Após as investigações, o delegado indiciou o motorista pelo crime de homicídio culposo (quando não há intenção de matar) na direção de veículo automotor qualificado pela omissão de socorro e por praticá-lo em cima da calçada.

“Apesar de algumas testemunhas confirmarem que ele ingeriu bebida alcoólica, não é possível mensurar se no momento do fato ele estaria embriagado, o que seria uma prova que poderia eventualmente mostrar o dolo. Existem indícios, mas não a materialidade, algo que comprove isso”, disse o delegado.

Acontece que após o atropelamento, o condutor do veículo acabou se evadindo do local. E só se apresentou à polícia mais de 24 horas depois do crime. “É uma prova prejudicada. Houve um desvio (da rota do carro), mas pode ter ocorrido por uma sonolência na direção, algo pode ter atravessado a frente dele e o motorista desviado, assim como ele poderia estar embriagado. Tem vários motivos, mas fica difícil materializar sem que tenha convicção de laudos que comprove a embriaguez com uma prova técnica”, acrescentou.

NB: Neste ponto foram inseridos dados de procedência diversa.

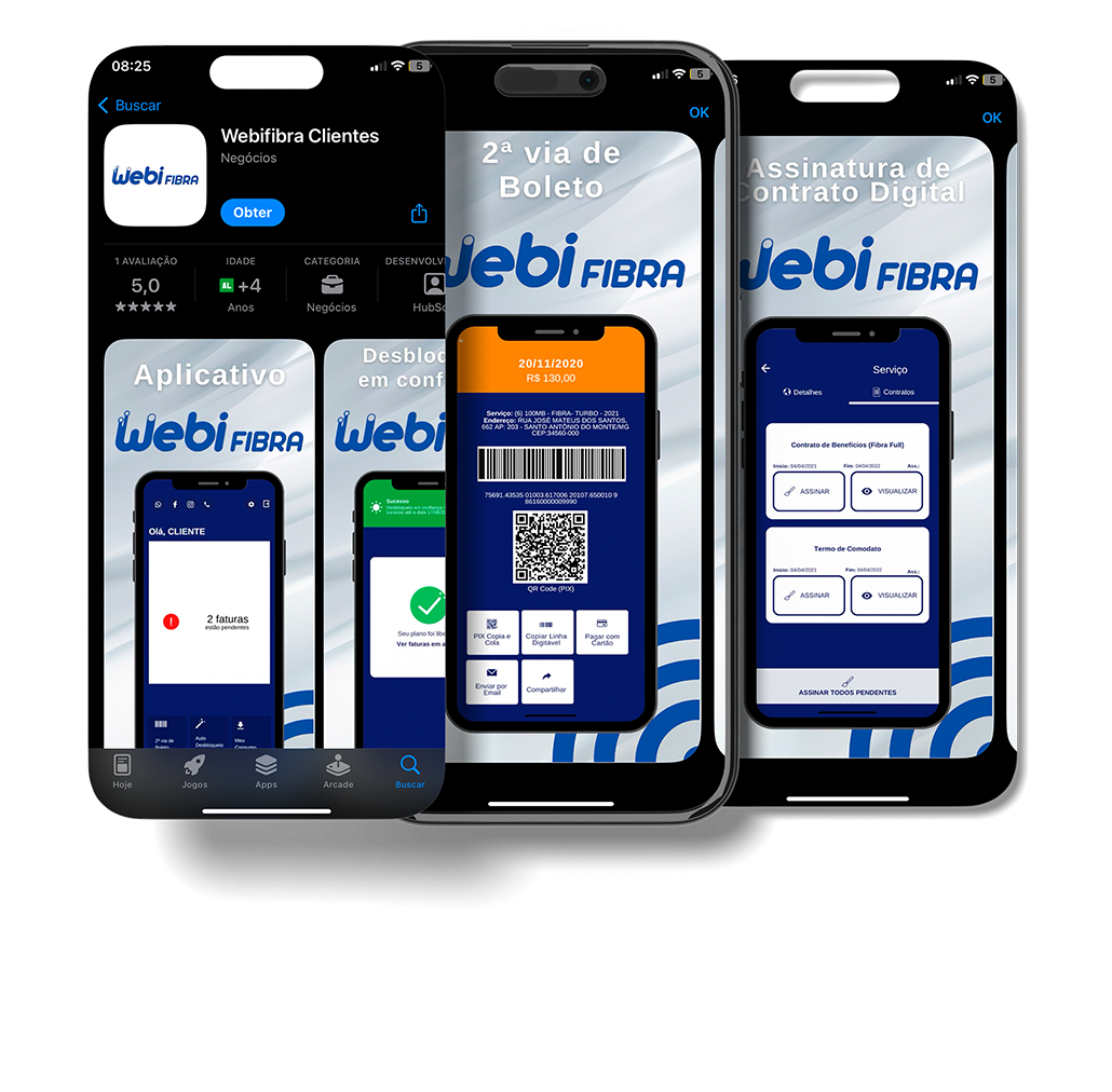 Tenha o controle total da sua internet com o App Webifibra Clientes. Consulte boletos, teste de velocidade, suporte técnico e muito mais.
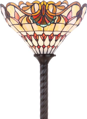 One of the finest techniques to come out of the Art Nouveau movement, the Tiffany-style stained glass shade on this torchiere floor lamp makes for a stunning addition to any space. While steeped in traditional design with it's barley-twist base and romantic baroque motif on the shade, this piece is updated with the functionality expected today -- a step-on on/off button, LED bulb compatibility, and a beautiful silk-wrapped cord. Each shade is hand-made by artisans who specialize in the intricate art of stained glass soldering.

Provas periciais podem ser inseridas no processo

Segundo o delegado, o inquérito já foi encaminhado ao Fórum da comarca de Criciúma. Possamai afirma que ainda falta a conclusão de alguns laudos periciais. Um deles seria a comprovação da velocidade do veículo na hora do atropelamento.

“Essas provas depois elas podem servir para o entendimento do judiciário. De repente o Ministério Público pode apresentar alguma alteração de tipificação. Mas com as provas colhidas até agora ficou caracterizado um homicídio culposo”, reforçou o delegado.